Unit 5 LPB
Unit 5 LPB
Com, BCU (As per revised NEP Syllabus 2022-23 Onwards) – Law & Practice of Banking
New technologies in Banking – E-services – Debit and Credit cards -Internet Banking-Electronic Fund
Transfer- MICR – RTGS - NEFT –ECS- Small banks, Payment banks- Digital Wallet-Crypto currency- Mobile
banking-E-payments – E money; - KYC norms –Basel Norms
Meaning of E-Banking:
E-Banking or Electronic banking means conduct of banking operation through electronic means or devices such
as computers, telephones, mobile phones, ATM etc,.
Advantages:
Disadvantages:
1. ATM (Automated Teller Machines): It is a channel of banking services which dispenses the cash
upon insertion of a plastic card with a unique (PIN) personal identification number.
In other words it is an electronic machine installed by a commercial bank and operated by the customer
himself, to withdraw money and to make other financial transactions with a magnetically encoded plastic
card and a code number.
Features:
1.ATM can be installed at any place i.e on-site ATM ( within the bank premises) and off-site ATM ( outside
the premises of bank)
2. ATM are any anytime banking (24X7).
3. They are user friendly.
4.ATMs are safe banking.
5.There are certain restrictions on the ATM facilities like more than a specific amount say Rs 25.000/-
cannot be withdrawn from an ATM.
Advantages of ATM:
1. 24 hr services: The customer can withdraw cash up to a certain limit during 24 hours .So it is famously
known as ALL TIME MONEY.
2. Better Convenience: Most of the ATM's are located at the convenient places such as airport, railway
station, residential colony that provides better convenience to the customer with reduced time and energy.
3. Reduces Pressure Of Bank Staff: The bank staff is free from the botheration of keeping large cash or
meeting several customers at a time. Thus it ensures better customer satisfaction.
4. Reduces Human Error: As the work of deposit and withdraw is handled by machine, it provides perfect
and accurate service and thus there is absence of human error.
5. Provides an Additional Revenue: Each ATM withdrawal transaction generates sur-charge income for the
owner of ATM.
Dis-advantages of ATM
1. Security: The person performing the transaction will not require the present picture identification.
Hence if the bank card is stolen an unauthorized person can easily access the account.
2. Inability to Perform Complex Transaction: ATM can only perform basic transactions and the people
who need to complete complex transaction have to visit the bank than using ATM.

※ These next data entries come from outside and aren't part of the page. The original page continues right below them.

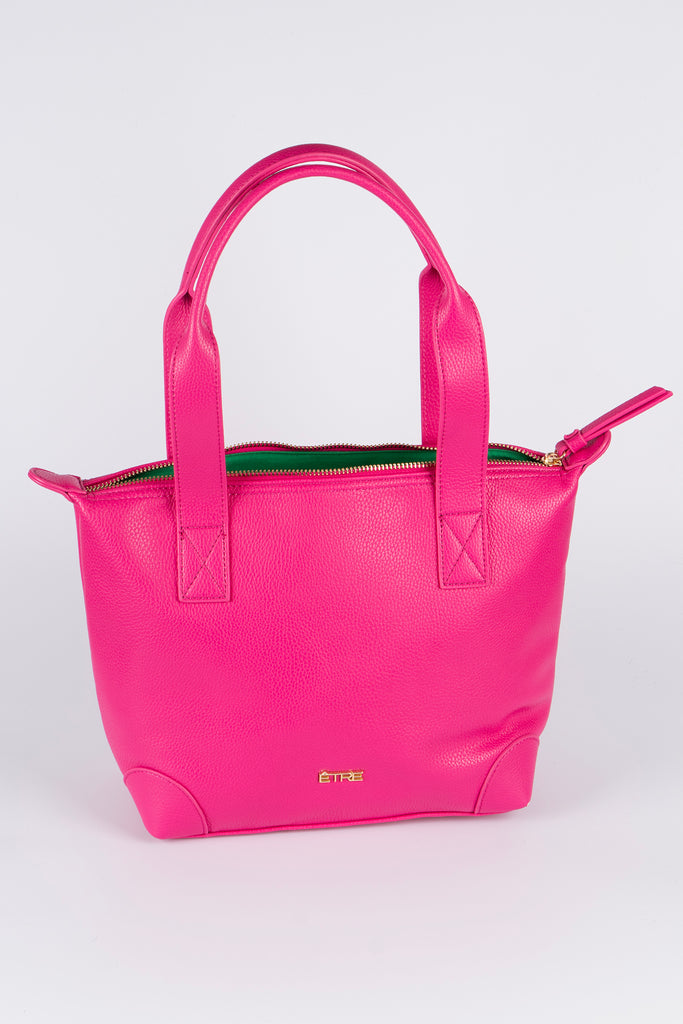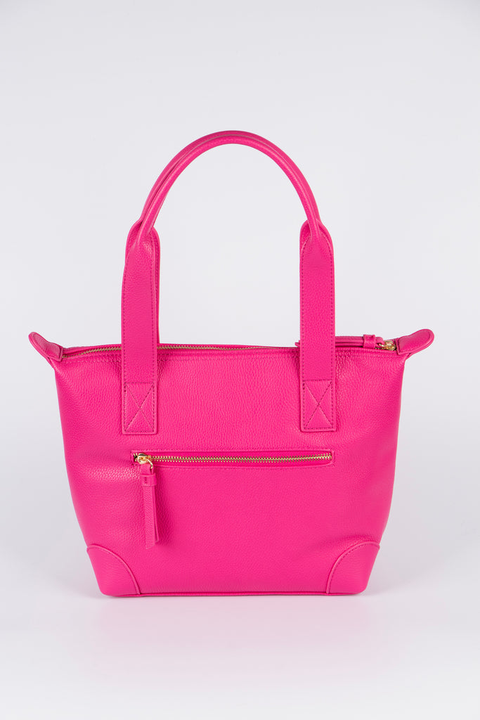 This vibrant fuchsia pink tote bag is crafted from soft pebbled faux leather. Featuring a spacious fully lined main compartment, inner phone pocket, zip closure and classic gold hardware.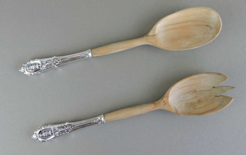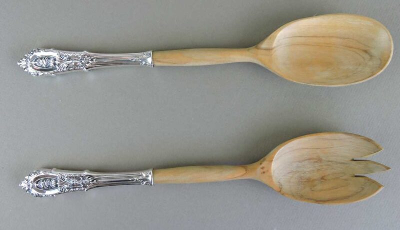 Pair of Wallace Sterling & Wood Salad Servers in ‘Rosepoint’ Pattern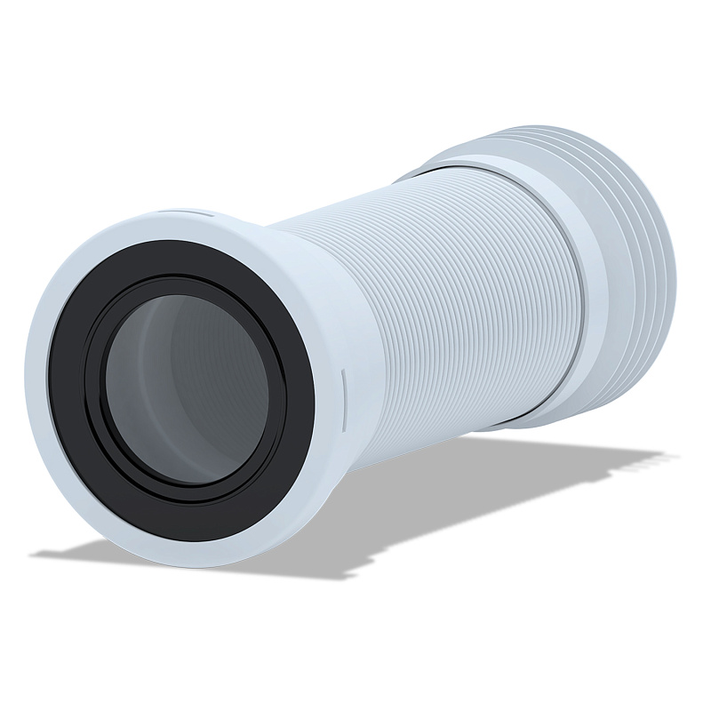 Длина трубы 250-550мм, присоединение к унитазу через резиновую муфту, выход на канализацию 100-110 мм. Для чугунных труб канализации. Удлинители гибкие выполняют функцию фановых труб и предназначены для соединения унитаза с канализационной трубой. Основное преимущество в том, что они легко монтируются и нет необходимости заранее замерять угол и расстояние (как в случае с фановыми трубами). Гофрированная часть трубы армирована металлической проволокой, что значительно повышает прочность и износостойкость изделия.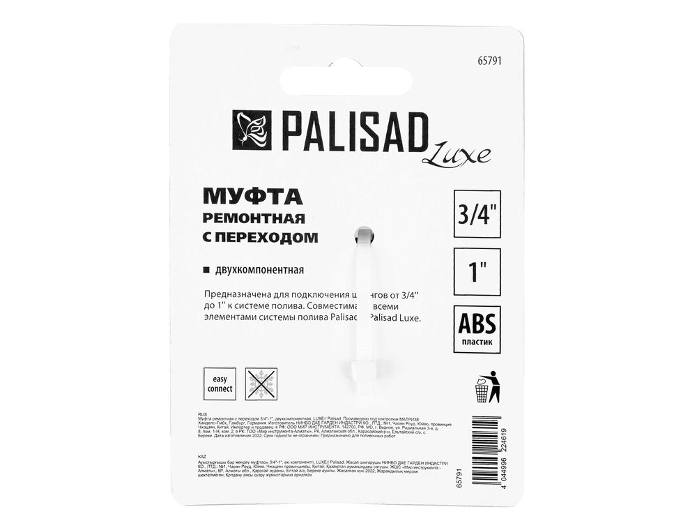 Ремонтная муфта Palisad Luxe 65791 в двухкомпонентном корпусе, с переходом 3/4-1, позволяет создать оросительную систему из шлангов разного размера. С помощью муфты можно удлинить линию для полива больших территорий.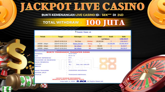 TOGEL88 JACKPOT SLOT DI LIVE CASINO di 24D Rp 100.000.000,- LUNAS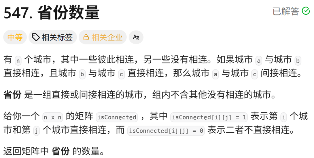 int findCircleNum(int** isConnected, int isConnectedSize, int* isConnectedColSize) {int n=isConnectedSize;LinkNode **adj=Get_Adj(isConnected,n);bool visited[n];memset(visited,false,n*sizeof(bool));int count=0;for(int i=0;i<n;i++){if(!visited[i]){count++;bfs(i,adj,visited,n);}}return count;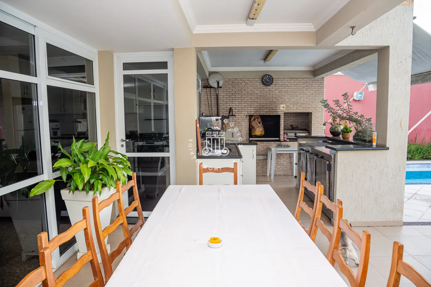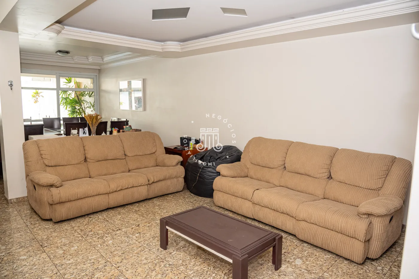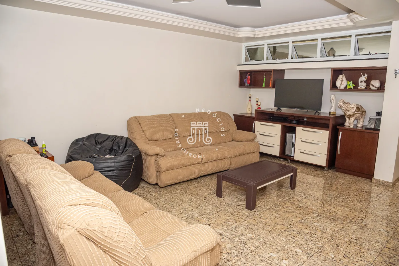 Piso Inferior: 01 suíte, 04 vagas de garagem cobertas, sala de estar, sala de jantar, lavabo, cozinha ampla, área de serviço, quintal amplo com piscina aquecida (aquecedor elétrico), churrasqueira, sauna e 02 banheiros na área externa.

3. Fees: Not only the banks for which you are not a member charge fee but also users of their own bank
are charged twice for the same transactions.
4. Privacy: There is no guarantee of security which performing the transactions in ATM. people may try to
spy on users or they may hack delegate information without the awareness of user.
5. Difficult Of Use By Illiterate People: As it involves a longer process, if the customer is struggling to
complete a transaction ,ATM's will not be so effective for the rural mass or people who are ill-literate.
INTERNET BANKING: It is a channel of services to the banking customer where the account information of
banking transaction carried through the world wide networking on the internet. Transactions such as E-business,
railway or air reservations, payment of bills, transfer of money can be carried out while sitting in house. It is
also refers to the provision of banking services by a bank to its customers through its websites.
Easy to Set Up: It is easy and fast to set up internet bank account. users have to just create an online
account with the security features such as password and user name.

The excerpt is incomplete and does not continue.